John Barton, who had been the European correspondent of an American paper, and who had seen its menace coming, looked back to the days before the war when he had been reporting history as it passed. He had backed Chamberlain at Munich. This was held against him now by American critics. He had been dead wrong. Everybody had been led up the garden path to the deep pit beyond. They were all in a deep pit now. How could England win? After the fall of France. After Crete. Their only hope lay in Russia, where the Germans were getting close to Moscow.
John Barton came out of his brown study and moved across the room. He stooped to pick up something. It was one of the chessmen which had been flung across the floor by the explosion. It was the white queen with which Anne had been playing.
The telephone bell was ringing in his study. It might be Anne, he thought, ringing him up from the underground station at Aldgate, as she sometimes did.
He hurried out of the drawing room and went into his own room at the back of the house where it was safe to turn on a light.
“Hullo,” he said, picking up the receiver. “Is that you, Anne?”
For a moment nobody spoke, but then a woman’s voice answered.
“Is that Mr. John Barton?”
“Yes.
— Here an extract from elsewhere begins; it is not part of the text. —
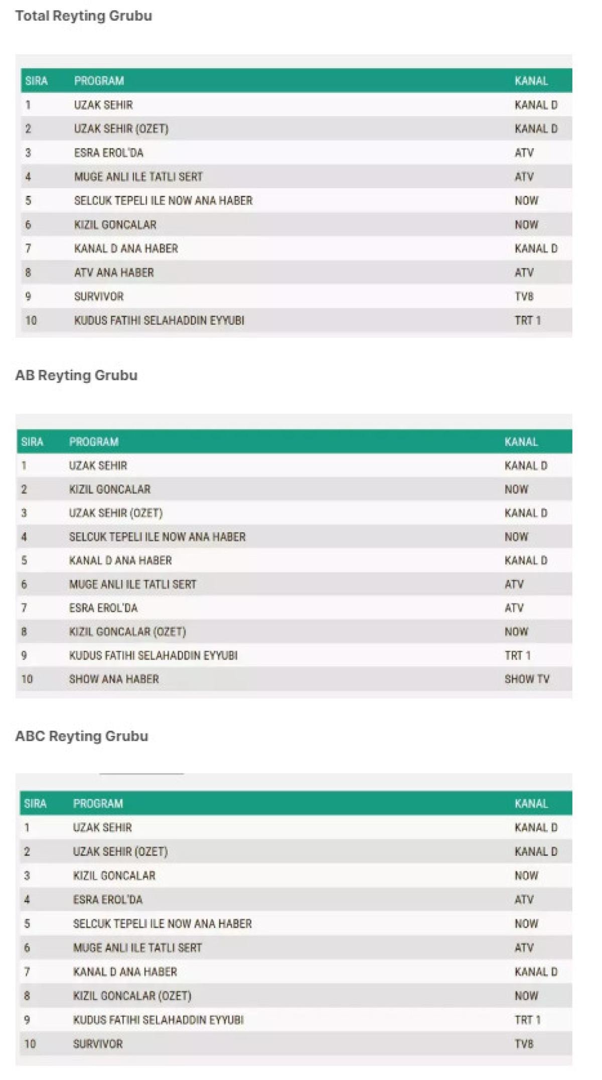 Her gün bir önceki güne ait Total, AB ve ABC sıralaması belli olurken dünün reyting sonuçları merakla bekleniyor.

What is it?”
There was another hesitation before the woman’s voice spoke again.
“I’m afraid I have ...”
She hesitated again and then spoke with a kind of breathlessness.
“I’m sorry.... I have to give you bad news.... Can you take it?”
“About Anne?” asked John.
His voice sounded quite calm, but he suddenly felt faint and sick, and he was possessed by panic.
“I’m dreadfully sorry,” said the voice. “Lady Anne has been killed. She was very brave. We all worshipped her.”
He heard a sob at the end of the telephone.
“Where is she?” asked John.
His voice was only a little harsh.
There was another hesitation.
“There is nothing left of her. It was a big explosion. We cannot recover her body. Please accept our very deep sympathy.”
“Thank you,” said John.
He was quite polite. Somebody gave him deep sympathy because Anne had been killed. He said: “Thank you” as though someone had given him a cup of tea.
He dropped the receiver. There was something in his hand. He wondered what it was. It was the white queen with which Anne had been playing last night. He stared at it for a moment as if surprised to find it in his hand.
Then he gave a great cry, as though his soul had been torn out of his body.